Comme le disait Dimitri Despierres, ingénieur des américains, on va bientôt pouvoir se passer des tacticiens. Le routage pourra être effectué directement par des ordinateurs. Bien sur cela n’est pas souhaitable et nous en sommes loin. Toutefois je trouve passionnant ce sujet (c’était mon mémoire de DEA). Que des chercheurs puissent travailler sur le sujet avec l’accord des régatiers me parait encourageant. Je suis persuadé que ces derniers ont des choses à apprendre de ces études. Est ce que je suis le seul à penser ça ?.

Conclusion

Merci à l’EPFL pour ces reportages disponibles à l’adresse suivante: alinghi.epfl.ch.
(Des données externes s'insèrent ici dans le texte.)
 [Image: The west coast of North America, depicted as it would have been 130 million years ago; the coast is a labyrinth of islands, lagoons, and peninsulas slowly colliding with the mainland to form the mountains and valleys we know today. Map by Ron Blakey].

C’est dommage qu’il n’y ait pas le nom des chercheurs dans ces vidéos ou sur le site.
Bref J’adore la technique et vos commentaires sur le sujet, donc à vous !. Vous pouvez retrouver toutes les billets sur la technique dans le coin de la technique.
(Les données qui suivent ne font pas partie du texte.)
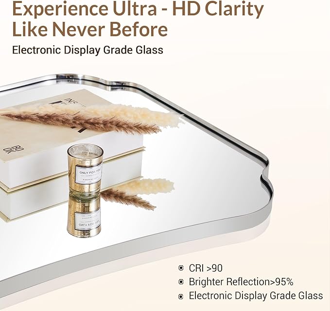 - Artisan-Crafted Scalloped Elegance: Elevate your bathroom vanity with our signature scalloped edge wall mirror, meticulously crafted for a soft, sophisticated aesthetic. The high-gloss chrome finish on a seamless stainless steel frame delivers a bright, reflective look that enhances light and adds a clean, polished touch to modern and minimalist interiors.

PS: Encore une fois, je suis preneur de traducteur pour une version anglaise.

26 réponses à “EPFL met en équation Alinghi 5”
  1. Laul dit :

    Si tu es intéressé par les noms tu dois les trouver sur le site général de l’EPFL en fonction des labos
    http://www.epfl.ch/index.fr.html

  2. CBR dit :

    Je ne comprends pas tout, mais c’est quand même super intéressant !
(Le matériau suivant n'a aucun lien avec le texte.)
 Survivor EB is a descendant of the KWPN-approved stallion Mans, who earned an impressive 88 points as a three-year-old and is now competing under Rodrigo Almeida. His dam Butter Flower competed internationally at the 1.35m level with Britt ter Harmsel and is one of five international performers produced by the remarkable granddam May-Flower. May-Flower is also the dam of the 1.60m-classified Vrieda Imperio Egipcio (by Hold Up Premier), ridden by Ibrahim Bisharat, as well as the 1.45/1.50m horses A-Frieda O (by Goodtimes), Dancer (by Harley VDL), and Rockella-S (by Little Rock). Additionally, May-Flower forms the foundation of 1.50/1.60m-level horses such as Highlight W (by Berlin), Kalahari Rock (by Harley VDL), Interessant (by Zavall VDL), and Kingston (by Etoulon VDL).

    Par contre, ça conduit à se poser la question de l’évolution de la Coupe dans le futur.

    Personnellement, j’ai l’impression qu’on a le choix entre deux options opposées:
    – Une coupe en Multicoque, avec des bateaux de rêve mais peu de combat sur l’eau (la F1 en gros)
    – Un coupe qui reviendrait sur des monocoques, proches de ceux utilisés jusqu’ici. Pas révolutionnaires sur le plan technique (encore que le diable se cache bien souvent dans les détails, mais avec du gros combat (cf. le LV Cup).

    Qu’est-ce que vous, les anciens ou futurs de la Coupe, vous préférez ?
    Question bonus: dans quel format la France aurait-elle le plus de chance de ne pas trop mal figurer ?

    • leloublan dit :

      As tu deja vu un grand prix ORMA ou en D35 ou Grand Prix Ventilo 28 avec 25 bateaux ?

      • CBR dit :

        C’est vrai, mais il s’agit de compétitions monotypes (D35) ou de compétitions dans lesquelles…Groupama 2 gagnait à la fin (ORMA).

        C’est impressionnant, il y a de la baston. Mais, je redis que la Coupe en Multi court le risque d’être plus rapide (miam) mais un peu ennuyeuse (prépondérance absolue du design).

        • leloublan dit :

          Et pourquoi Groupama ou Banque Pop gagnait a la fin
          Parce que comme dans la Coupe c est souvent ceux qui ont le plus gos budget qui gagne……….La coupe est devenue passionante quand on est arrive en bout de jauge Tout le monde savait quoi faire .C est comme ca pour toutes les jauges

  3. Ben dit :

    Il y a beaucoup de bagarre en F1 !! Et la France est bien placée dans les 2 domaines !!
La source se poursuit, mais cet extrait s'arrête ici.